Tom Lestienne est un artiste-plasticien. Il ne sait pas ce qu’il fait. Tant mieux. S’il le savait, on risquerait de ne plus baver, hirsute, délicieusement sidéré, à contempler la catastrophe.

Elsa Forner Ordioni

 

" Le travail de Tom, s’il fallait le résumer en peu de mots, tient tout à la fois du foutraque, du jaillissement et de l’épure. Autant de termes contraires qui paraissent s’annihiler les uns au contact des autres. Cependant ils témoignent bien de cette volonté quasi viscérale qu’a Thomas de dire son dégoût d’un art clinquant (cf. les Hirst, Murakami et consorts…) et d’une création contemporaine camouflant son inanité sous les oripeaux du Concept.
Jaillissement_ Ou comment s’affirme au sein du travail de Tom la primauté du geste. En effet, notamment sur ses krafts, c’est à grands traits qu’il procède, saturant l’espace. .. La gestuelle se veut fulgurance, recherche d’une non-maîtrise, d’une perte de soi, d’un étourdissement. On peut y voir l’influence d’un Artaud ou encore de cette myriade de voix à peine audibles que l’on arraisonne si souvent au concept d’« art brut ». On peut y voir encore la perméabilité de Tom aux sons, à une certaine musique, celle que les Doors concevaient comme autant de passerelles vers d’autres Portes. _ Foutraque _ d’accord, mais si en apparence c’est le cas, c’est uniquement dans le but que nous nous engluions toujours plus dans cette gangue chaotique de formes, de signes dont il sature ses peintures et ses sculptures.

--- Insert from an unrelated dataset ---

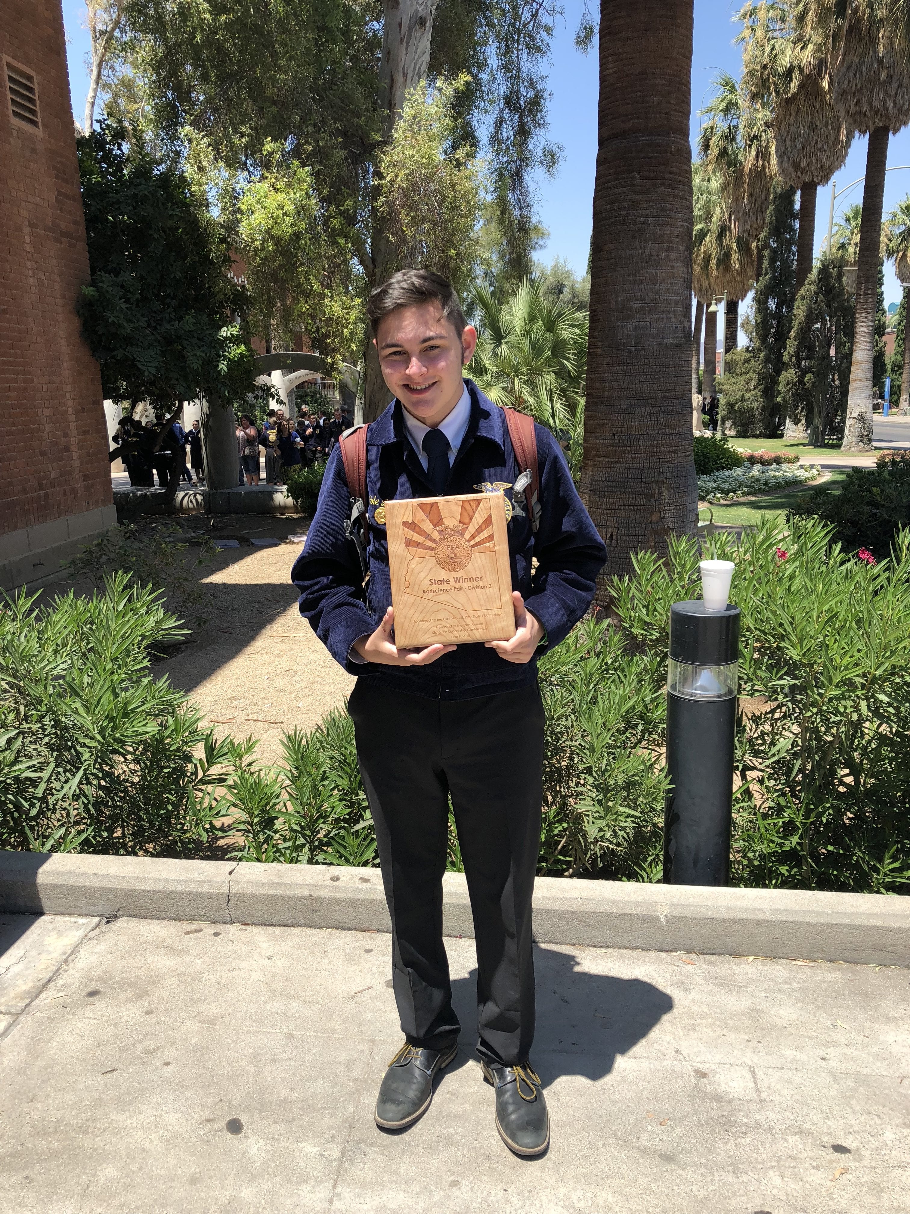 Trivium Prep’s Cole Lozon is headed to the FFA national science fair Facebook Twitter Email This Post Trivium Preparatory Academy June 11, 2018 Trivium Preparatory’s Cole Lozon won the Arizona Future Farmers of America (FFA) Science Fair and is headed to the National FFA Convention to represent Arizona in the national science fair. The FFA’s mission is to make a positive difference in the lives of students by developing their potential for premier leadership, personal growth and career success through agricultural education. Below is a letter of gratitude from Cole to the Trivium Preparatory community: “I am pleased to inform you that this morning I was announced as the state winner for the FFA science fair and that I will be going to the National FFA convention to represent Arizona and Trivium in the national science fair. The road to this success was rough and felt like a vertical climb sometimes. But though all the hardships, through all the practice presentations, the late nights at the school doing research, through all the drafts of my paper, you all have been there supporting me and believing in me. Two years ago, when I went to the state science fair my judge told me that my project was “very simple and looks like an elementary school project” and that “I shouldn’t bother continuing it”. That was the seed of my success and your support was the water. The amount of time, help, and resources donated to this project shows what a strong community Trivium has. Without your support, I would have given up after that science fair. Without your belief in me, I wouldn’t have had the perseverance to work countless hours on it. Without your guidance, I would have been lost on the way to success. I did not win the science fair by myself, WE won the science fair together. Together we climbed to the top, and we proved that judge wrong. Thank you, Ms. Briggs, for being my advisor for this project. Without you I would have never gone to the science fair two years ago. Thank you for all the time you’ve put into this project. Thank you for being there with me in my failures to help pick up the pieces and for pushing me to keep tying. Mrs. Zimmerman, thank you for introducing me to the wonderful world of FFA. You have opened so many doors for me that I never knew existed. Thank you for helping submit paperwork, and for your enormous amount of belief you have for me as a member. You helped guide me to victory road and I am so thankful for that. Thank you for always being there to answer my many questions and for supporting me every step of the way. Mrs. Vasiloff, thank you for your constant support of the FFA organization. Without your support, I would have no way of reaching my goals. Thank you for allowing me to use your school as a base for all my operations. Thank you for allowing me to stay late to gather research and for allowing me to come in during weekends and holidays. Mr. Friedrich and Mrs. Brinker, thank you both for lending me your labs to conduct research. Mr. Friedrich, thank you for allowing me to use lab equipment and for answering questions I have. Mrs. Brinker, thank you for helping me prepare my presentation, and for editing and grading my paper. Thank you for answering random legal questions and for meeting with me before and after school to help with my project. Mr. Boettger, Mr. Wolstenholme and Ms. Tambornino, thank you all for being my board of judges, your input helped refine my project. Because of your input my project went from good to excellent. I am so blessed to have such a supporting community. Thank you all again so much, and I am so happy that I have the privilege to represent trivium at the national science fair! Thank you, Cole Lozon”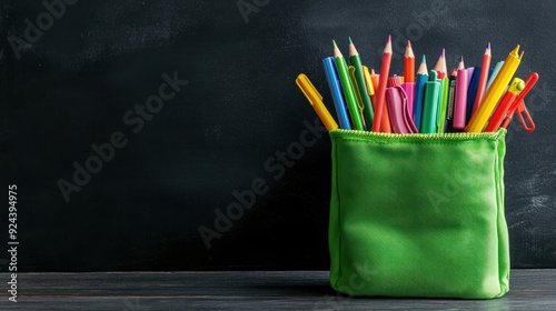Colorful Pencils and Pens in a Green Pouch on a Blackboard

Gangue signifiante au vu de laquelle on peut avancer que ses créations ont des visées avant tout narratives sans qu’elles soient jamais platement figuratives ou univoques. Une espèce de concentré déjanté de BD, de Combas et d’Alechinsky. Pourtant il ne faut pas y voir là le dernier avatar de la figuration libre. _ Epure_ Si sa création se veut en effet fulgurance / non-maîtrise cela ne passe cependant ni par une débauche d’effets, ni par une débauche de moyens. Marqueurs, krafts pour ses dessins ; matériaux de récupération, argiles pour ses sculptures. Rien de plus ; dès lors nul moyen pour Tom de s’esquiver, le refus de mettre en scène son art le contraignant à s’exposer. Cette gangue de formes, cet entrelacs de signes dont il recouvre ses pièces n’étant rien moins que la cartographie de ses doutes, de ses errances, de ses excès ainsi que des nôtres. Cartographie sauvage, toute hérissée de pics."